Why it matters: The 2022 pausing of Highland Bridge threatened to thwart one of the biggest public-private partnership developments in city history and leave large swaths of prime land along the Mississippi River desolate.
- But a deal between the city and master developer Ryan Cos. to reduce density and height requirements and to amend a tax incentive agreement has jump-started the project.
Driving the news: Ryan broke ground Monday on a four-building development that will deliver 97 market-rate apartments and 35,000 square feet of retail space, including a Tierra Encantada day care, by fall of 2026.

- The pact between the city and Ryan is also expected to jumpstart a 170-unit market-rate apartment building that Ryan executive Maureen Michalski said is slated to break ground next year. Weidner Apartment Homes is the developer of that building.
- Building market-rate housing has an exponential effect. Once they're open, those apartments generate tax revenues that help subsidize future low-income housing at the site.
What they're saying: Ryan officials — who had a disagreement with Mayor Melvin Carter's office over what it viewed as an inadequate rollback of certain rent control provisions — painted a picture of an improved relationship with city leadership.
- National president Mike Ryan said his company met with Carter's office a year ago, following a "gut-wrenching" period of time in which the equation for building at the site was broken.
- "We saw everybody roll up their sleeves and lean in and say, 'this place is worth fighting for. How do we get it back on track?' And I personally want to thank (Carter)," Ryan said.
State of play: The former Ford Motor factory is starting to take the shape of a large residential community.
- Builders have now completed about 1,000 units of housing — or about a third of the 3,100 Ryan is currently planning, after scaling back from the original master developer agreement calling for 3,800.

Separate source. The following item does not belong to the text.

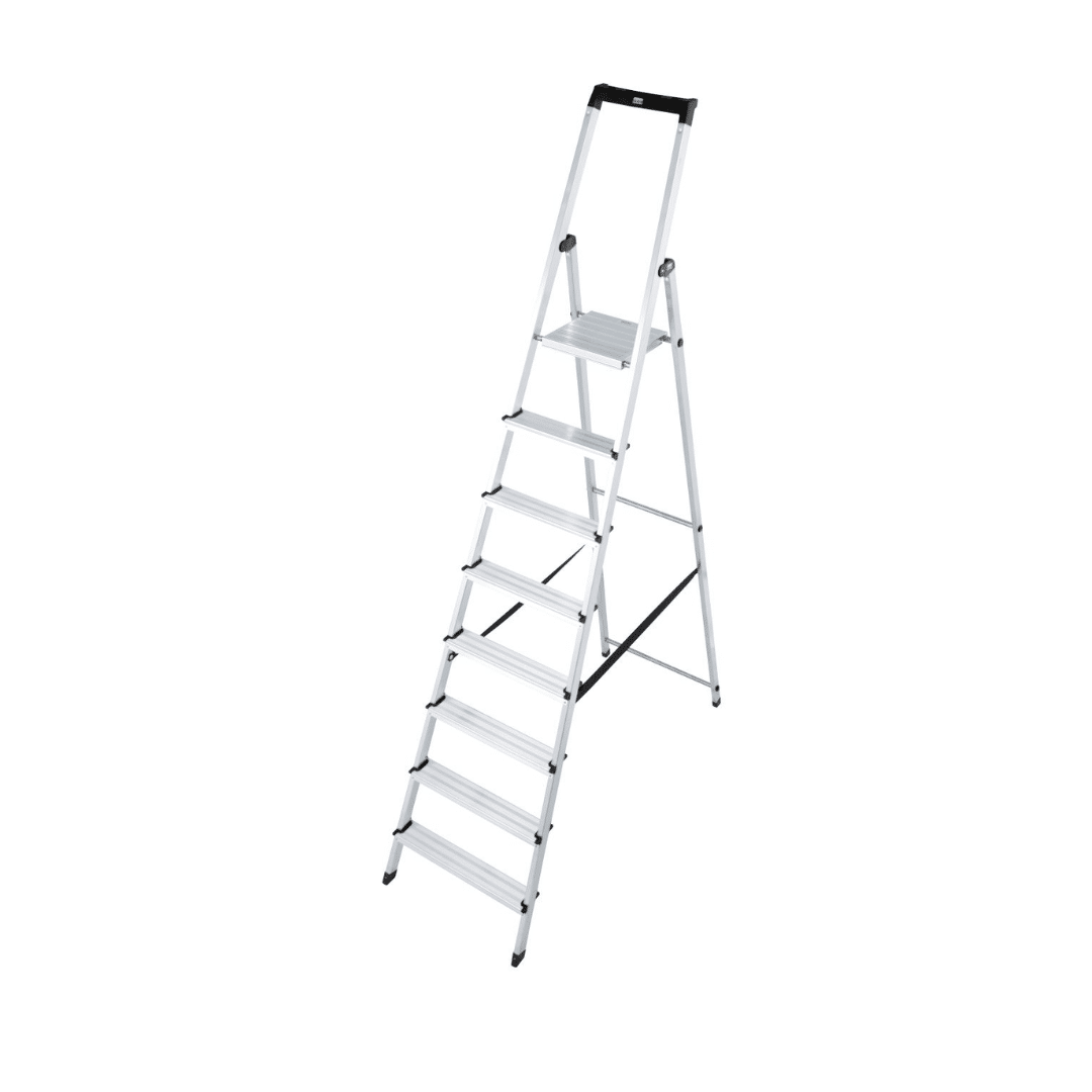 Aluminijske kućne ljestve 8 gazišta su vrsta ljestvi koje se koriste za radove na visini u kućanstvima i manjim radovima.One su idealne za korištenje u kućanstvima, stanovima, vrtovima, radionicama i manjim radovima na visini (82771).

- The project that broke ground Monday will deliver the last remaining public space, a plaza on the corner of Ford Parkway and Cretin Avenue. All other playgrounds, parks and water features are complete.
- Around 150 of the for-sale row homes are finished.
- Six of 20 single-family lots on the Mississippi River have been sold, all in various stages of construction.
What we're watching: How long it takes for the remaining 30 acres of the 122-acre project to be developed.